えごま油とオリーブオイルは、高温調理には向かなくて(スモーキングポイントが低いと専門用語でいいます)値段も高いので、普段の天ぷらや炒め物には、お値段が手頃で大缶で買えるなたね油がいいのです。オリーブオイルで天ぷらしてるなんて自慢げにいう健康オタクは、調理やグルメの知識がない人なので、信じないように。

    また、最近はいい油をとるというのが健康法として定着化していますが、

    ーオメガ3や9のいい植物油なら、量は気にせずいくらでも食べていい。体にたまった皮下脂肪はいい油で流すから、ダイエッターにもいい

    なんていう、ホリスティック栄養調理学を履き違えた人もいます。が、油は油。カロリーの分だけがっつり太りますので、いい油でも控えめに、限度をもって食べましょう。油でも肉でもなんでも、いい質のものなら好きなだけ食べていいとかいうのは、ダイエッターや健康指向の人に媚びた自己流ダイエット法。まずは質にこだわり、それから量にもほどほどに気をつけるのは、ホリスティック栄養学の基本中の基本です。

    あとね、私も実は目をつぶっていたのですが、きっぱりやめようと思ったのは、

    ★エコナやリセッタといった油を使っている外食やお惣菜チェーンの、揚げ物や市販デリを買うのは控える

    ってこと。私のお気に入りのRF1の揚げ物は、リセッタを使っているってことを売りにして、健康指向イメージをPRしてたんです。今回問題になっているのはエコナですけど、類似品の化学油もやっぱり信じちゃいかんと思う。市販品の中に入り込んでくる分には量もたいしたことないし、まっいいかと甘くみていたのですが、やっぱり、きっぱりやーめた。
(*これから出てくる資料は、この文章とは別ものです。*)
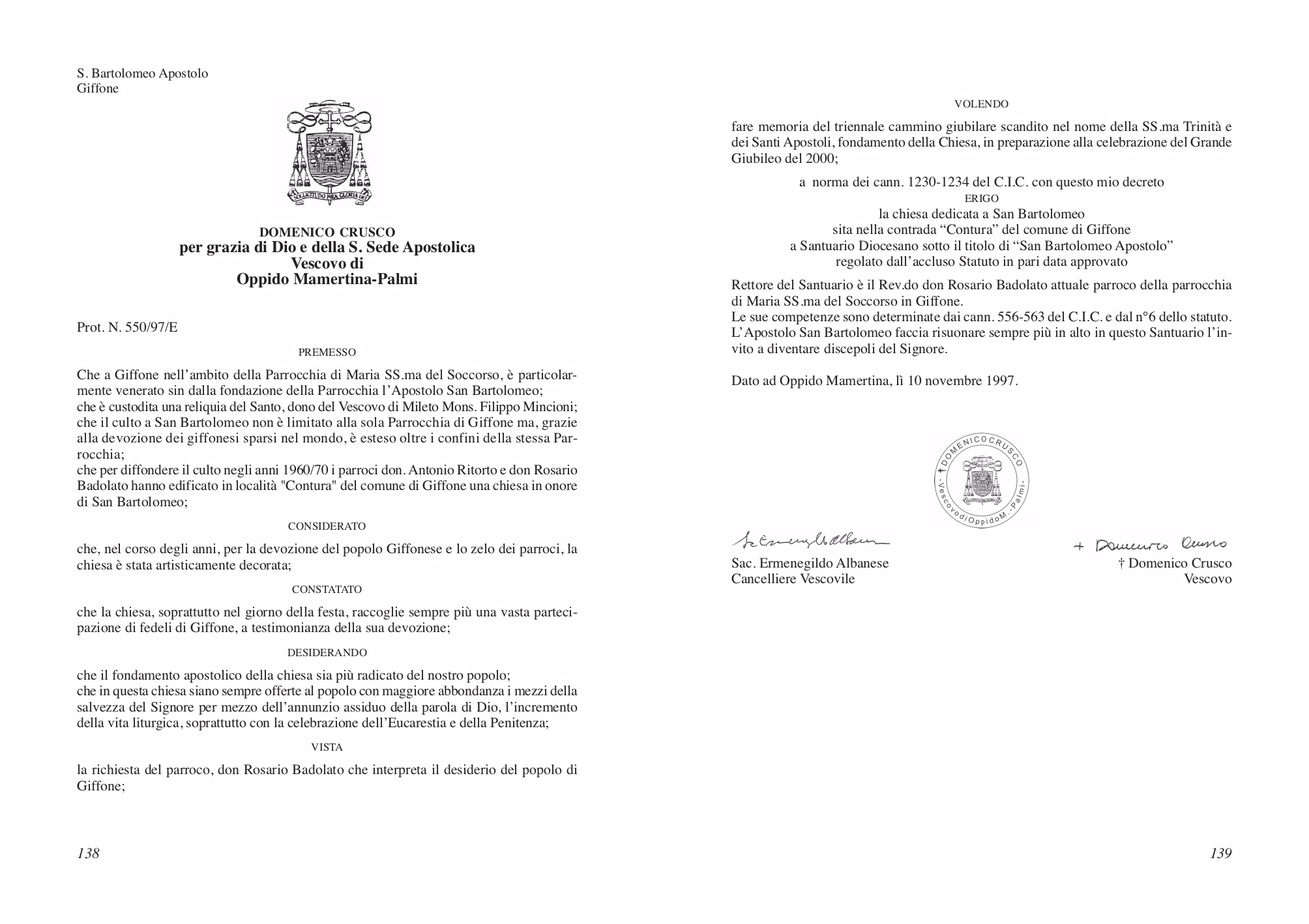 - INDIRIZZO Via San Bartolemeo, Giffone (RC)

    とりあえず、RF1さんやリセッタのメーカーに、エコナは販売自粛だけど、リセッタは大丈夫ですか?発がん性を疑われている物質の含有量などについて、聞いてみようかと思っています。

    あと、これで特定保健食品、通称トクホの信頼も地に落ちるかも。厚生省も責任を問われるべきですね。でもまあ、私ら生活者としては、トクホを信じすぎないというのが大事かも。トクホの審査がいいかげんで、長期的データを求めてないのが、今回の件でばれてしまいましたから。

    もちろん私だって、いいと思って食べていたものが実は。。。という過ちは今までもしてきたし、今後もすると思う。でも、

+大量に長期間食べ続けるものは、なるべくナチュラル・オーガニックなものにこだわる。私の場合、生姜、にんにく、バナナ(スムージー用)、卵、ニンジン、玉ねぎなどを、高いけどなるべくオーガニックにしています。

+過ちに気付いたら、すぐさま理由を追究し、習慣を変える。

+その食材がいいものかどうかは、ホリスティック栄養学の10の基本に沿って選んでいく。

こういう点に気をつけていたら、大きな害にはならないと思います。

    前回の記事でも書いたけど、エコナやポタジエのように、なんちゃって健康食材、実は不健康というものにだまされないよう、しっかり見抜く目を養いましょう。それではまた。

★追記: 管理栄養士である私の姉に電話したら、お中元でもらったとかで、ここ2か月ヘビーに使っていたそう。絶句してました。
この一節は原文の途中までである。